Community groups taking lead role under new HIV testing law
Less than a year after state legislation loosened HIV testing restrictions, Southern Nevada community organizations are assuming new roles, working with health officials to offer preliminary testing.
Approved by Gov. Brian Sandoval last May and enacted in October, Assembly Bill 243 removed language in the law allowing only licensed health care professionals to provide certain HIV tests, among other adjustments.
Now, volunteers with groups such as Aid for AIDS of Nevada, known as AFAN, are providing preliminary rapid HIV testing in Southern Nevada after undergoing training in testing, infection control and counseling.
The rapid tests generally involve a finger prick and provide results in under 30 minutes that must be confirmed by a secondary test, according to the new law.
Marlo Tonge, communicable disease manager at the Southern Nevada Health District, helped write the law and said it allows organizations including AFAN and the Las Vegas Urban League to reach underserved groups including minorities and people who might be hesitant to make contact with the health district.
Not every community person out there loves government, she said. Not everybody likes public health.
Four or five groups have already started doing the testing, she said.
Alisa Howard, director of minority health services at the Las Vegas Urban League, said the organization received funding for her position through AB243.
It opened up a lot of, not only collaborations between organizations, but opened up a lot of funding for HIV, she said.
Howard said she is working to ensure the Urban League can start offering free rapid HIV testing at the end of August.
As with other community groups involved, the Urban League will do outreach and offer rapid testing, but individuals who test positive will be forwarded to the health district for more in-depth secondary testing that involves drawing blood, Howard said.
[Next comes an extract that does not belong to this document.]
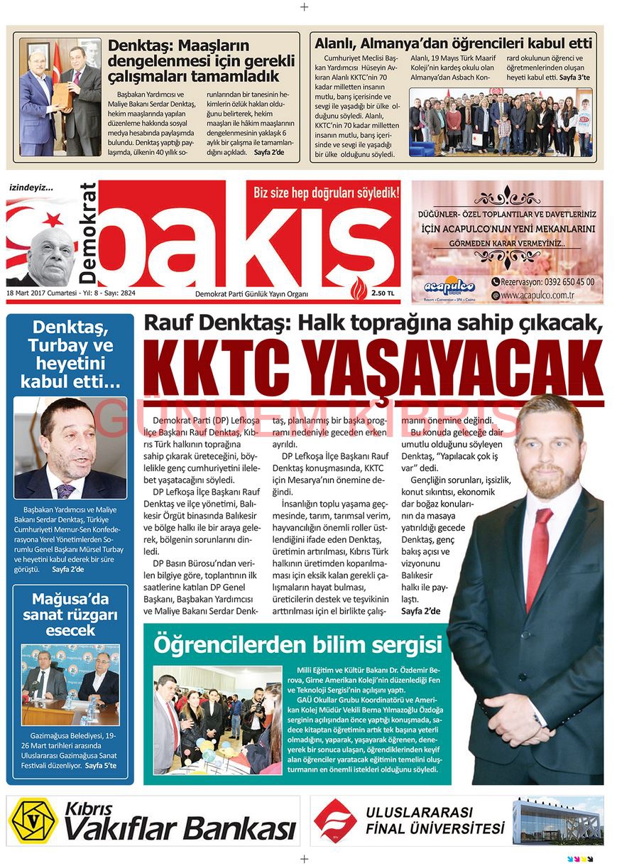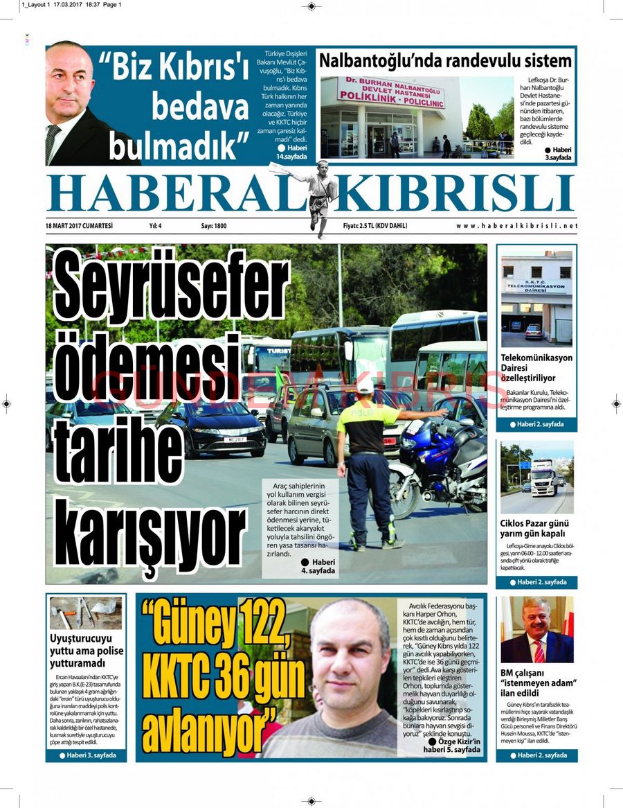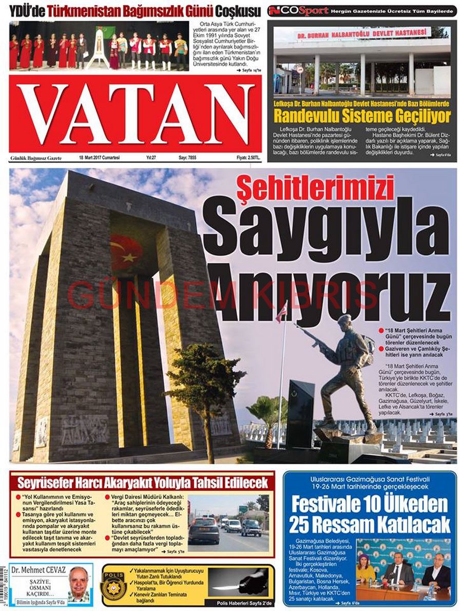 KKTC Gazete Manşetleri 18 Mart 2017

If that test also comes back positive, the individual can be referred to medical, psychological and other services to ensure access to medication, a physician and other necessary services.
According to the health district, roughly 400 new cases of HIV are reported in Clark County every year.
Tonge said the health district, with its community partners, offered nearly 19,000 publicly funded HIV tests last year, about 3,000 to 4,000 more than in the previous year.
Her goal is to do about 20,000 tests a year.
Antioco Carrillo, executive director of AFAN, said his organization hopes to incorporate newly-diagnosed individuals into its network of services, ensuring that people with HIV or AIDS can be connected with housing, counseling and other services if needed.
AFAN began offering free testing in mid-March after required training with the health district.
Our work is essentially to do a lot of the work that is not done by the doctors, he said.